I have received representations from the sub-postmasters union regarding their plight. I am informed there are about 2,000 postmasters in the Twenty-six Counties and 1,000 earn less than £30 gross per week and 25 per cent earn less than £25 per week. As they are paid on the basis of units, or something like that, the social welfare stamp represents a considerable number of units and as a result of a survey made by the union it has been found there would be a loss of 26 per cent——

I am sorry, Deputy, we are only dealing today with one specific item.

It is a very important point.

I know it is, but we are not dealing today with the complete abolition of the social welfare stamp.

I bow to your ruling, but I would like the Minister to allay these fears because a number of sub-post offices may possibly close down if the social welfare stamp ceases to exist. Reducing the employee's contribution by £1 a week is a very worth-while reduction. The Minister should look at the whole question of the social welfare stamp because it is becoming a disincentive to employing more people. The stamp is a little over £7 and the employer has to pay in the ratio of about 2:1. If we are to get more people back to work—that is the aim of this Government—the Minister should try to reduce still further the cost of the stamp to the employer.

Hear, hear.

I look forward to further improvements in social welfare legislation by the Minister.

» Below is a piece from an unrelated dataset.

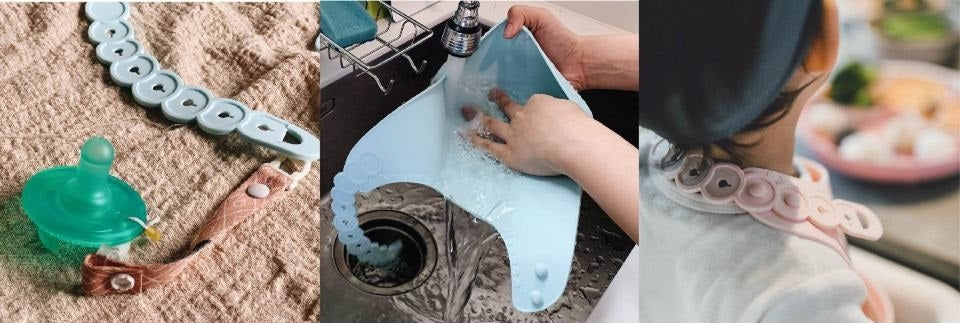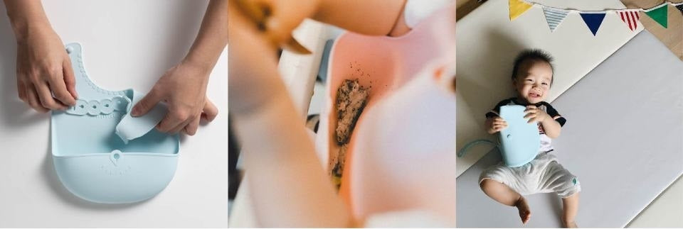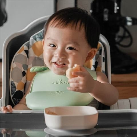 Miniware Silibib Silicone Bib is a comfortable and durable food grade silicone bib perfect for active, outgoing families with its compact roll and button function. Just roll, button up and store to clean up later while on the go! Silibib is longer and wider than other bibs to support your child through all feeding and growth development stages. A must-have when your baby begins to self-feed. Roll, button and store for no hassle clean up.
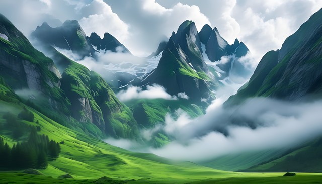 奇妙的山峰与云雾环绕的绿色草地,展现壮丽的自然风光。

I must confess it is a bit puzzling to find the Opposition and particularly the Labour Party representive here refusing to afford an enthusiastic and wholehearted welcome to this measure. This measure will ensure that from 2nd January next 300,000 of our lower paid workers will receive an extra £1 per week into their pockets. It is as simple as that. There is no gloss on it.

Any breakdown?

I will come to the breakdown in a moment. It is simply a matter that, in pursuance of the Fianna Fáil election undertaking, we are giving effect now to this proposal. A very substantial number of our work force and almost the entire section of lower paid members of that work force will get a positive benefit of £1 per week as and from 2nd January next. Deputy Desmond found it in his heart today to afford only suspended approval to the measure. I would like it to be clearly understood by the lower paid workers that, so far as Deputy Desmond is concerned, he is not prepared to urge me to go ahead with this measure.

Since when is £50 the dividing line?

Since two years ago, according to Deputy Moore.

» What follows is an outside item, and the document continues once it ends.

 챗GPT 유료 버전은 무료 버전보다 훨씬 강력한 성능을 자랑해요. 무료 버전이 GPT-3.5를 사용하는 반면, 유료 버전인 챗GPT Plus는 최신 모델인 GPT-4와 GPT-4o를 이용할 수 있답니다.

The Minister, without interruption, please.

The dividing line was the clear demarcation laid out in the Fianna Fáil election promise to the lower paid workers. So long as we understand that Deputy Desmond, representing the official Labour Party here, can say that he only gives suspended approval to this measure——

In other words, he would be just as happy if I did not bring in this measure. As long as we understand that——

For example?

The Minister is in possession. There should be no interruptions. He did not interrupt Deputy Desmond. I will not allow Deputies to go on interrupting.

Whatever about Deputy Desmond, there is a very clear implication in what Deputy Boland says: he would prefer this £1 to be taken off the employer's contribution.

The Minister is being deliberately obtuse.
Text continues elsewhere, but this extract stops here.